* Data below:
..........
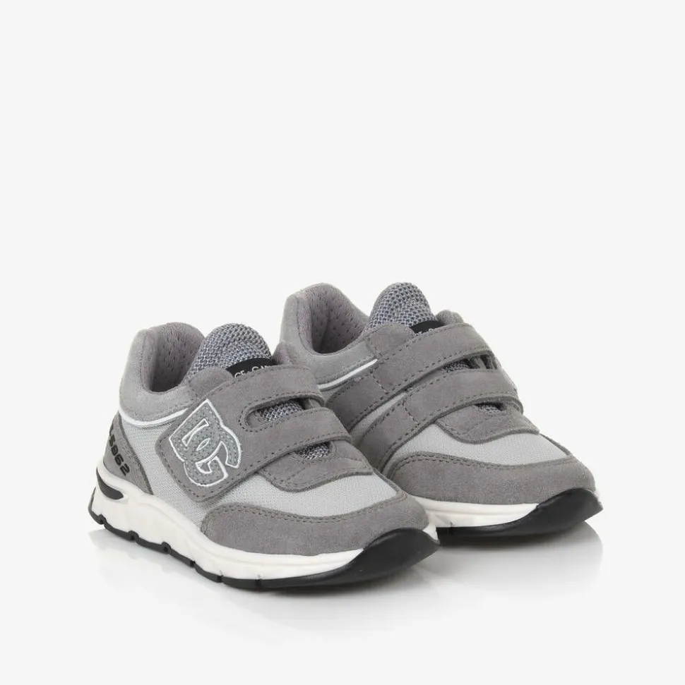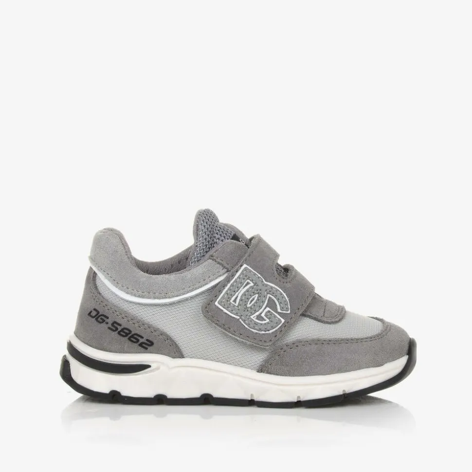 Sporty grey trainers for baby boys and girls by luxury brand Dolce & Gabbana, made in soft mesh with soft suede leather trims. For designer appeal, the easy to use velcro strap features a DG logo appliqué, with further branding on the tongue. A rubberised DG-5862 print can be seen on the side and to ensure comfort, they are lined in soft mesh with a lightly cushioned leather insole. The rubberised outer sole is ridged for improved grip.
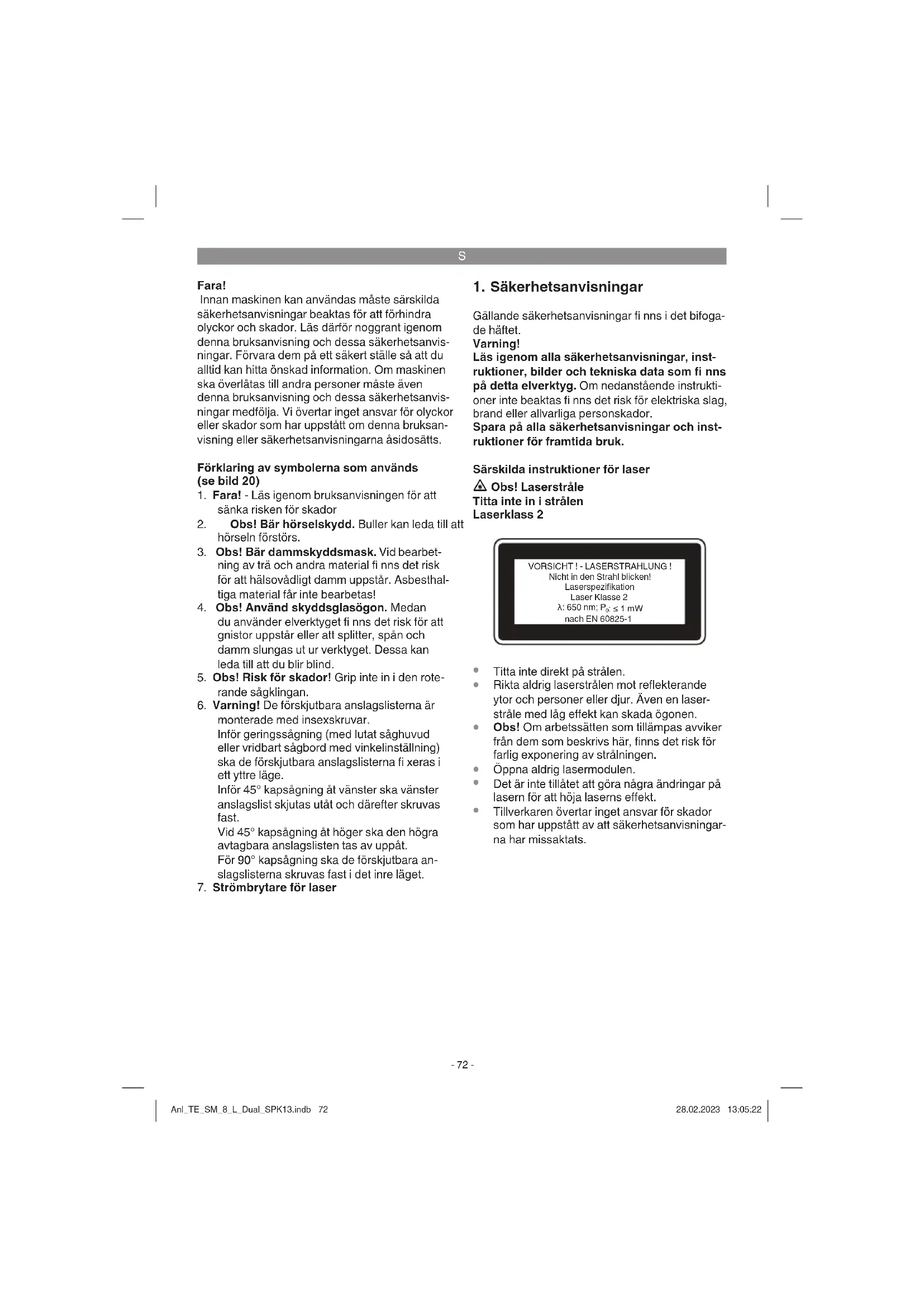 Tillverkaren övertar inget ansvar för skador som har uppstått av att säkerhetsanvisningar- na har missaktats. Anl_TE_SM_8_L_Dual_SPK13.indb 72Anl_TE_SM_8_L_Dual_SPK13.indb 72 28.02.2023 13:05:2228.02.2023 13:05:22S
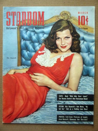| 19. STARDOM March 1942 (oversized) issue featuring fabulous image Rita Hayworth on the cover. Articles & photos on Bette Davis, James Stewart & Carole Landis, Betty Grable, June Havoc, Barbara Stanwyck, Ginger Rogers, Ann Sheridan, Deanna Durbin, Carole Lombard, Claudette Colbert, Cary Grant . Full page ad for Ginger Rogers in Roxy Hart. by Fred Sammus | |
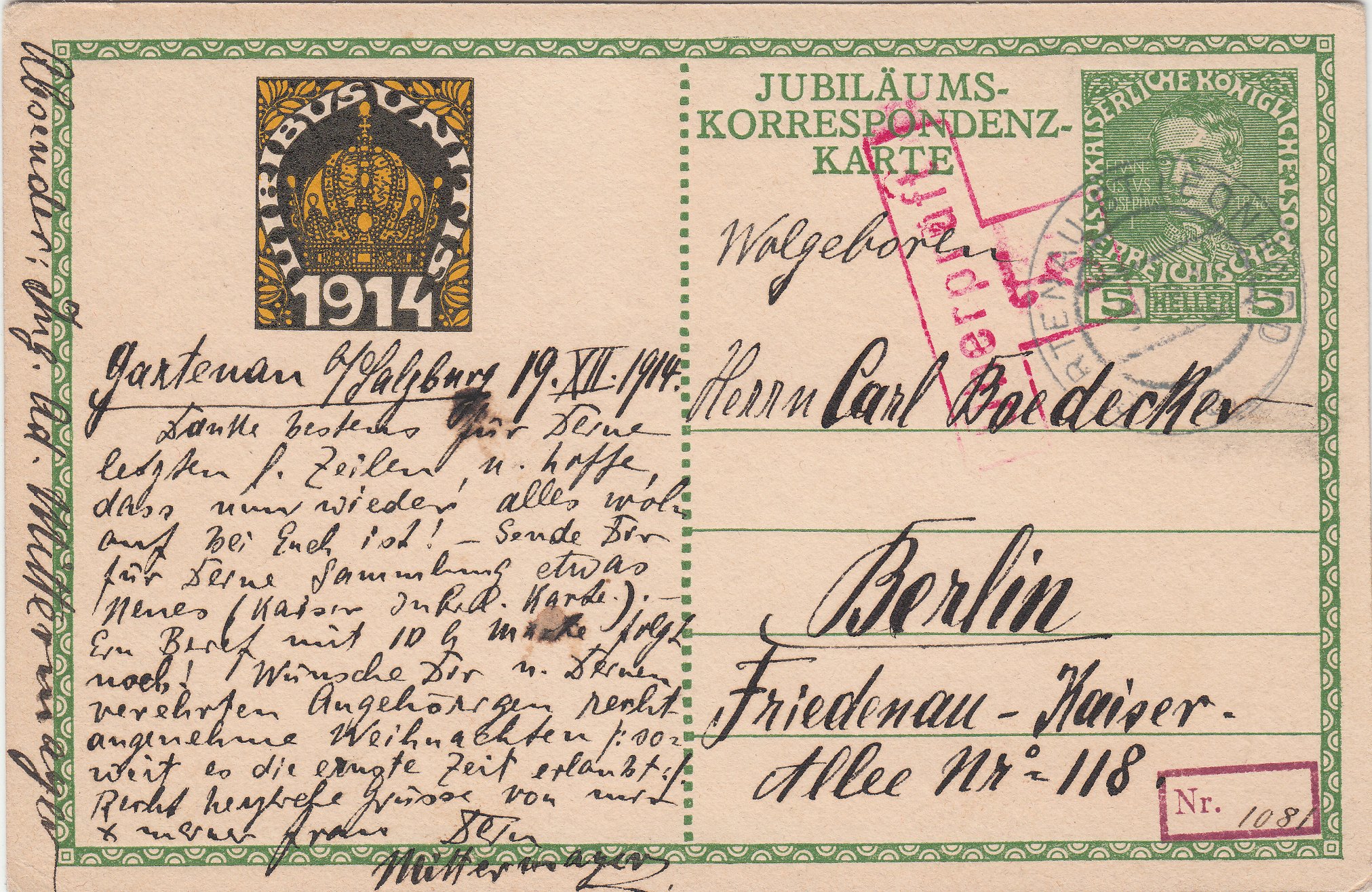 Diese am 19.12.1914 in Gartenau St. Leonhard bei Salzburg geschriebene Postkarte ist adressiert nach Berlin Friedenau:
..........
* Work item:
Everything in the listing above is to be given again exactly, apart from the pictures.

* Output of the exercise:
 Sporty grey trainers for baby boys and girls by luxury brand Dolce & Gabbana, made in soft mesh with soft suede leather trims. For designer appeal, the easy to use velcro strap features a DG logo appliqué, with further branding on the tongue. A rubberised DG-5862 print can be seen on the side and to ensure comfort, they are lined in soft mesh with a lightly cushioned leather insole. The rubberised outer sole is ridged for improved grip.
 Tillverkaren övertar inget ansvar för skador som har uppstått av att säkerhetsanvisningar- na har missaktats. Anl_TE_SM_8_L_Dual_SPK13.indb 72Anl_TE_SM_8_L_Dual_SPK13.indb 72 28.02.2023 13:05:2228.02.2023 13:05:22S
| 19. STARDOM March 1942 (oversized) issue featuring fabulous image Rita Hayworth on the cover. Articles & photos on Bette Davis, James Stewart & Carole Landis, Betty Grable, June Havoc, Barbara Stanwyck, Ginger Rogers, Ann Sheridan, Deanna Durbin, Carole Lombard, Claudette Colbert, Cary Grant . Full page ad for Ginger Rogers in Roxy Hart. by Fred Sammus | |
 Diese am 19.12.1914 in Gartenau St. Leonhard bei Salzburg geschriebene Postkarte ist adressiert nach Berlin Friedenau:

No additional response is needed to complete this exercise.